我有一个蜘蛛,它可以抓取所通过网站的链接.当使用不同的数据集完成执行时,我想再次启动同一个蜘蛛.如何再次重启同一个爬虫?网站通过数据库传递.我希望爬虫无限循环运行,直到所有网站都被爬取.目前我必须一直启动爬虫scrapy crawl first.有没有什么办法让爬虫启动一次,爬完所有网站就停止?

I have a spider which crawls links for the websites passed. I want to start the same spider again when its execution is finished with different set of data. How to restart the same crawler again? The websites are passed through database. I want the crawler to run in a unlimited loop until all the websites are crawled. Currently I have to start the crawler scrapy crawl first all the time. Is there any way to start the crawler once and it will stop when all the websites are crawled?

我搜索了相同的内容,并找到了在爬虫关闭/完成后处理爬虫的解决方案.但是我不知道如何以编程方式调用 closed_handler 方法中的蜘蛛.

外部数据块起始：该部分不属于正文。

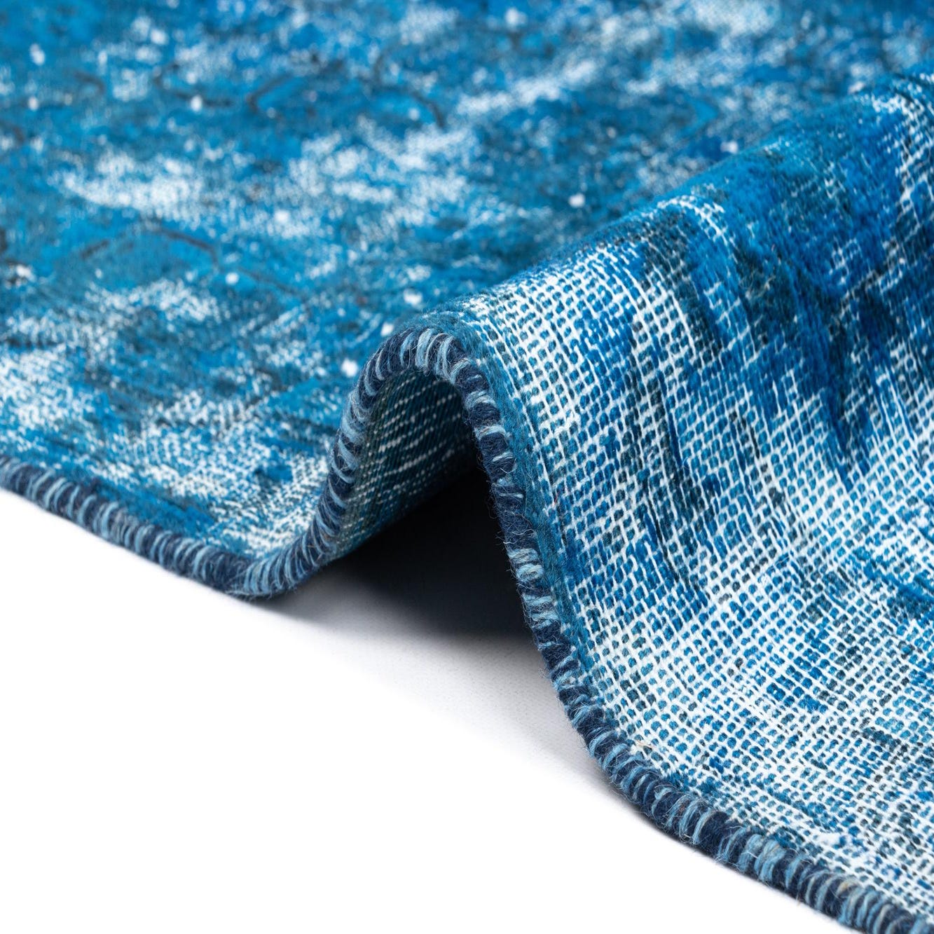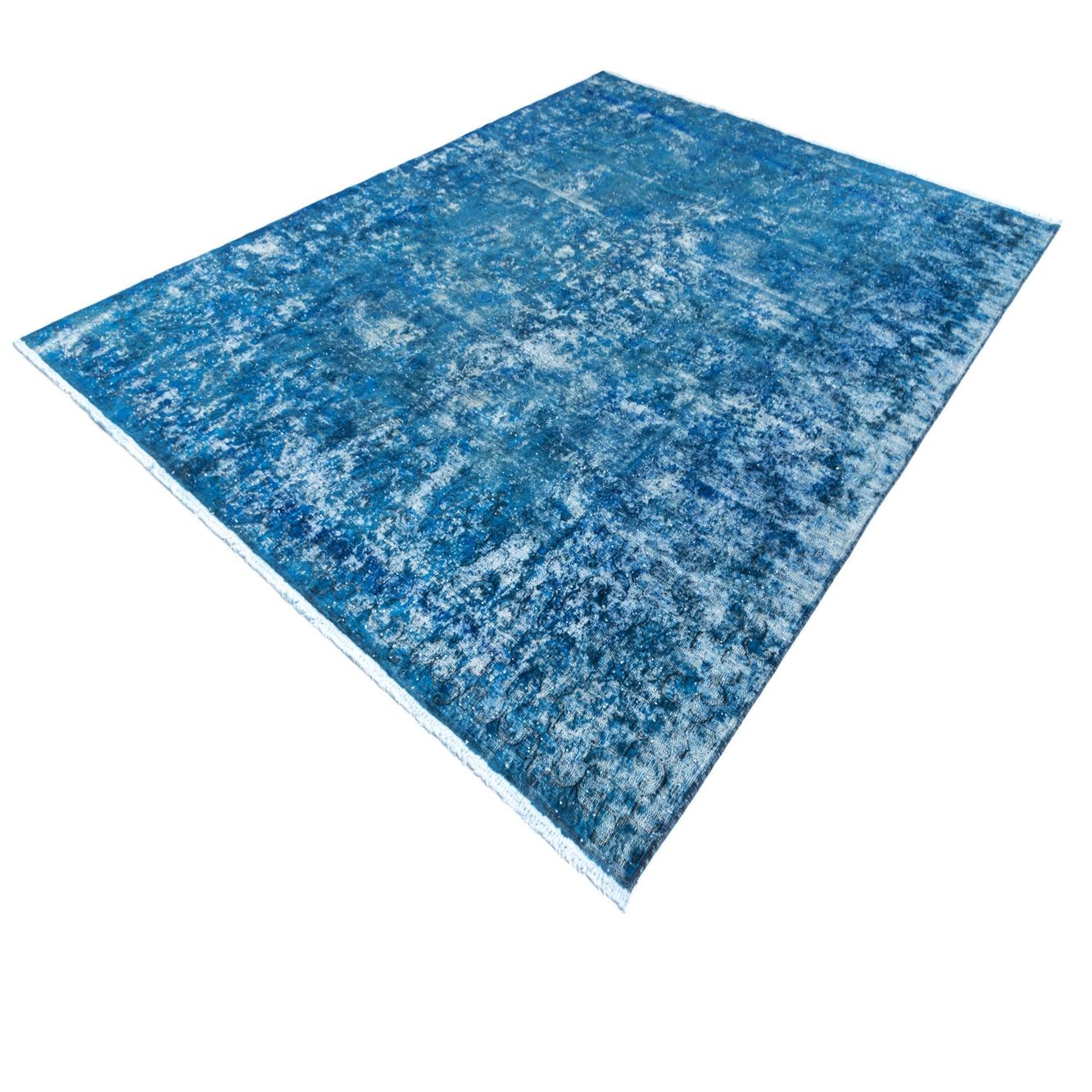 A 10x13 rectangular blue Persian rug with a distressed, vintage-inspired pattern, ideal for a living room.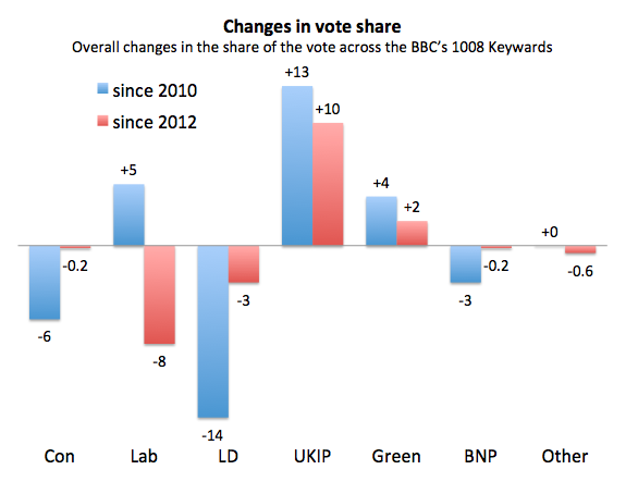 The story about change since 2012 also in the table is also revealing here. That shows much more clearly how Labour have fallen and UKIP risen in local election vote shares over the last two years. What seems to have happened is that between 2010 and 2012 UKIP took votes mainly from the Conservatives, but between 2012 and 2014 they have had more success in attracting Labour voters. The net effect is that the UKIP rise from 2010 to 2014 has been at similar expense to Labour and the Conservatives.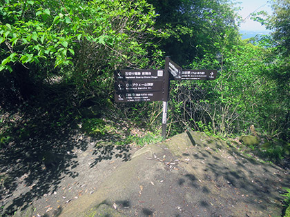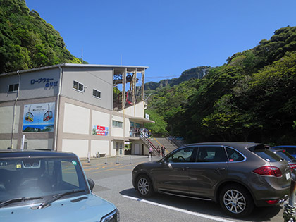 展望台から西口管理所まで降り、日本寺の境内から出ました。管理所の方に明鐘岬までの道があるのかたずねてみたんですが、「聞いたことがない」との返事。さらにイラストマップで気になっていた山頂駅あたりから海辺の国道までのびている「鋸山裏登山道」についてたずねたところ「封鎖されているんじゃないでしょうか」との返事。うーむ、ちょっと雲行きが怪しいです。西口管理所の前は有料の登山自動車道の終点で広大な駐車場になっています。最悪の場合、登山自動車道を歩いて下ろうかと思ったんですが、歩行禁止の看板が立っていました。うーむ。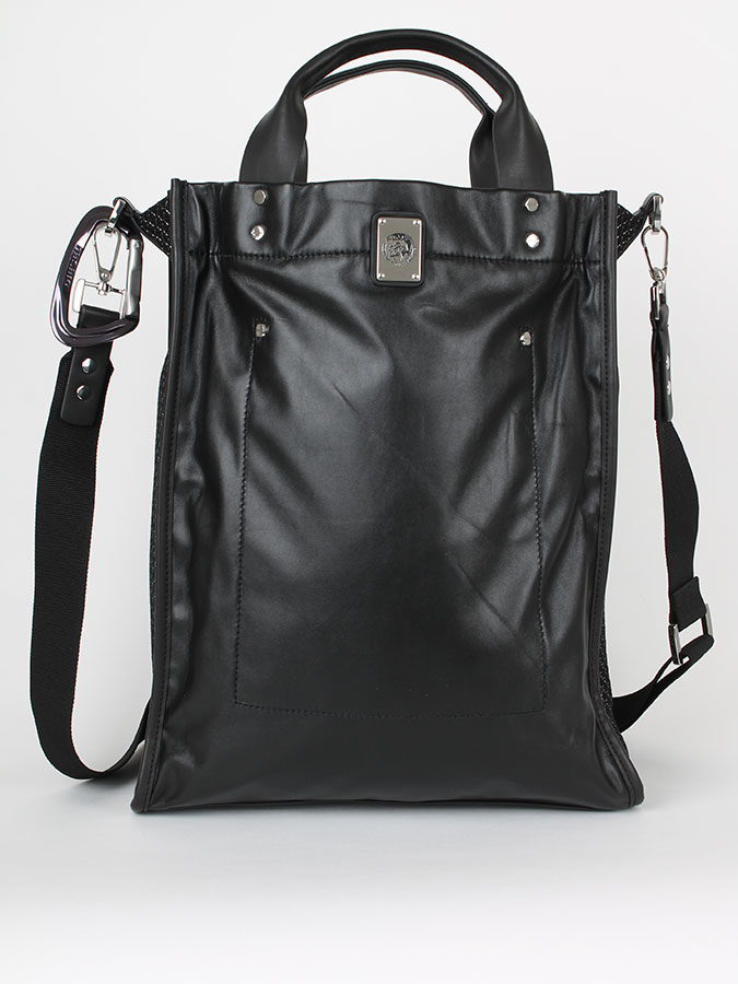 Taška Diesel z jemné kůže s ozdobnými kovovými doplňky a postraním siťovým materiálem má na předním díle kovové logo. Do této tašky se vám vejdou veškeré potřebné věci včetně notebooku. Dno tašky je kožené proti oděrům, stejně tak i uši do ruky. Na bočních stranách je na karabinky přidělaný textilní pásek na rameno. Rozměry: 33 x 40cm.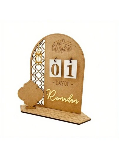 1 st, Ramadan-dekorationskalender, 3D-träadventskalender för Ramadan, inomhusinredning, rumsscendekor, skrivbordstillbehör, Al Adha EID muslimsk dekor, Ramadan-dekorationer för hemmet, islamiska Ramadan Mubarak-tema festtillbehör - lykta - Visa 1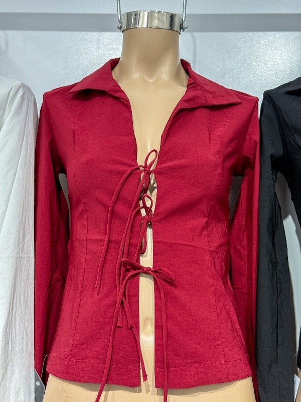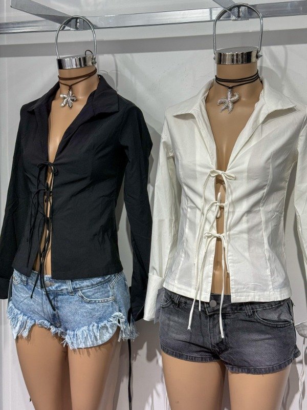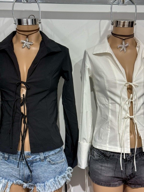 Camisa de tela elastizada manga larga, con cordones para anudar en la parte media y puños. Talle único, abarca un talle M.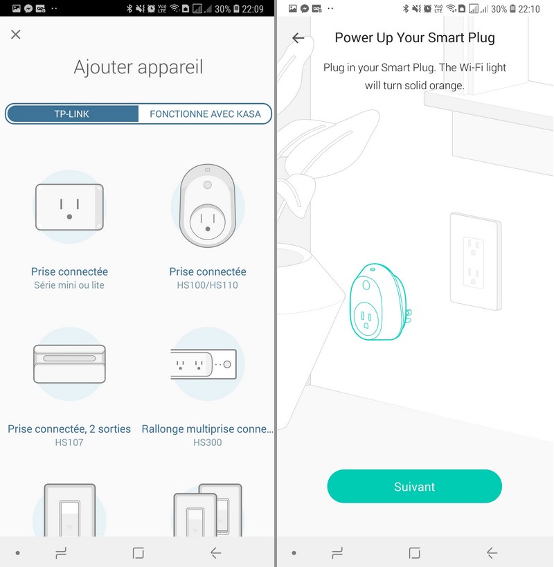 En appuyant sur le "+" en haut à droite de l'application, on peut ajouter un nouvel appareil. Il faut ensuite choisir "Prise connectée HS100/HS110" et connecter l'appareil sur une prise murale.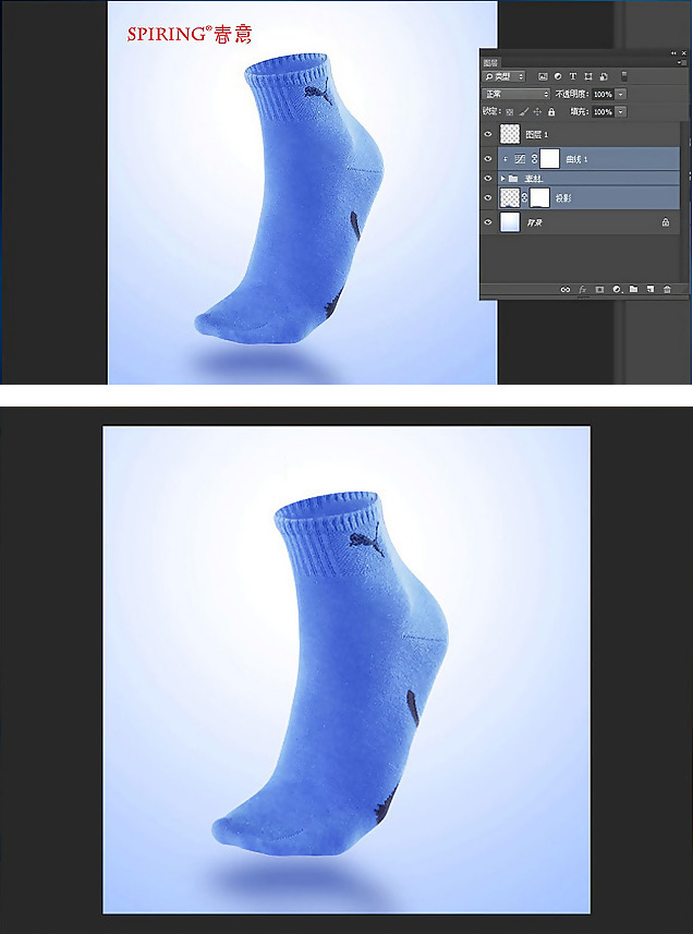 5.做一个渐变背景+袜子投影,加上商品标示。整个制作过程就是这样子。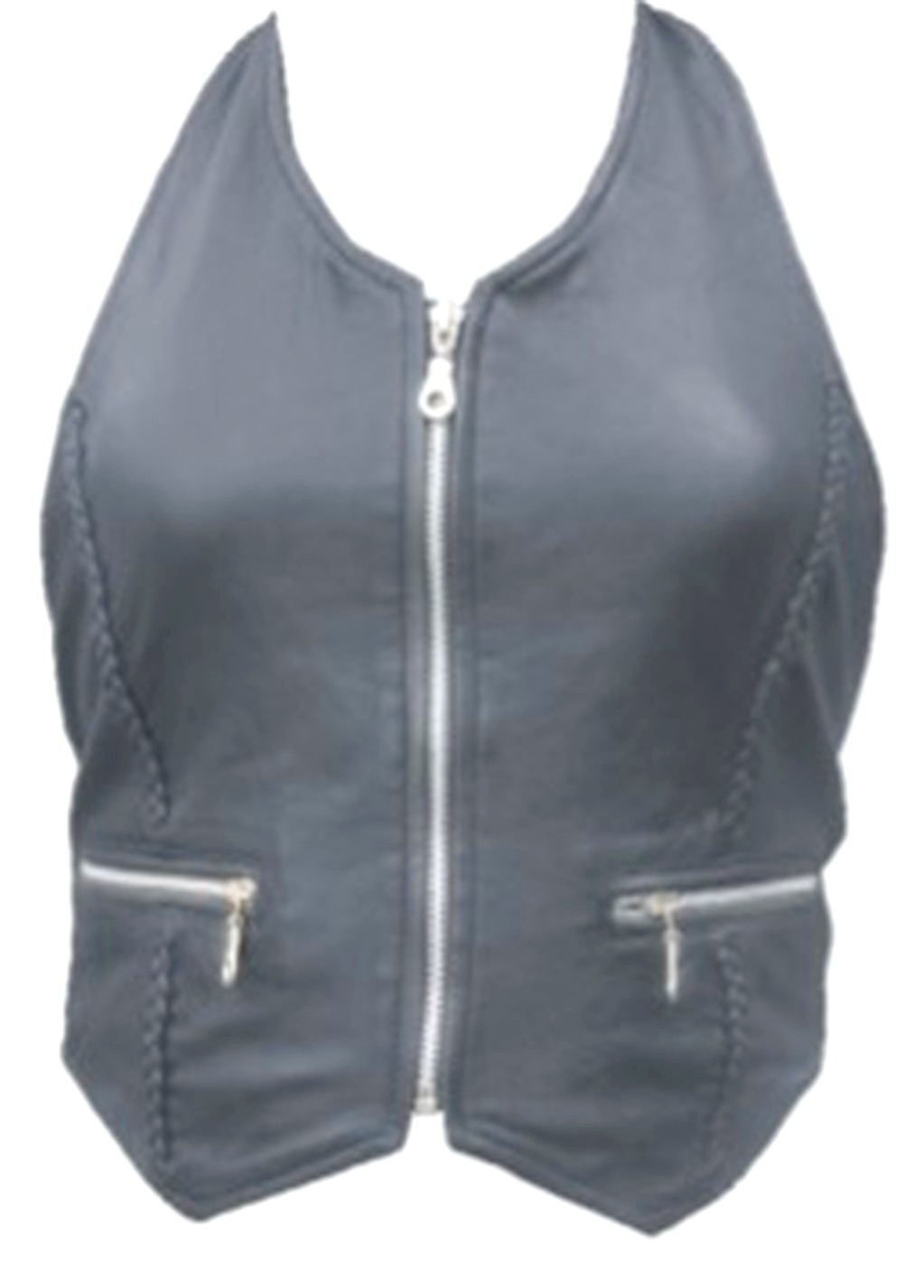 This black leather halter top is made from lambskin leather. Ultra soft to the touch, this top has braided leather trim, and elastic material in the back. The zip up front can be worn as daring as you want! The front zipper and pocket zippers are heavy duty YKK brand.

I searched for the same, and found a solution of handling the crawler once its closed/finished. But I don't know how to call the spider form the closed_handler method programmatically.

以下是我的代码:

 class MySpider(CrawlSpider):
        def __init__(self, *args, **kwargs):
            super(MySpider, self).__init__(*args, **kwargs)
            SignalManager(dispatcher.Any).connect(
                self.closed_handler, signal=signals.spider_closed)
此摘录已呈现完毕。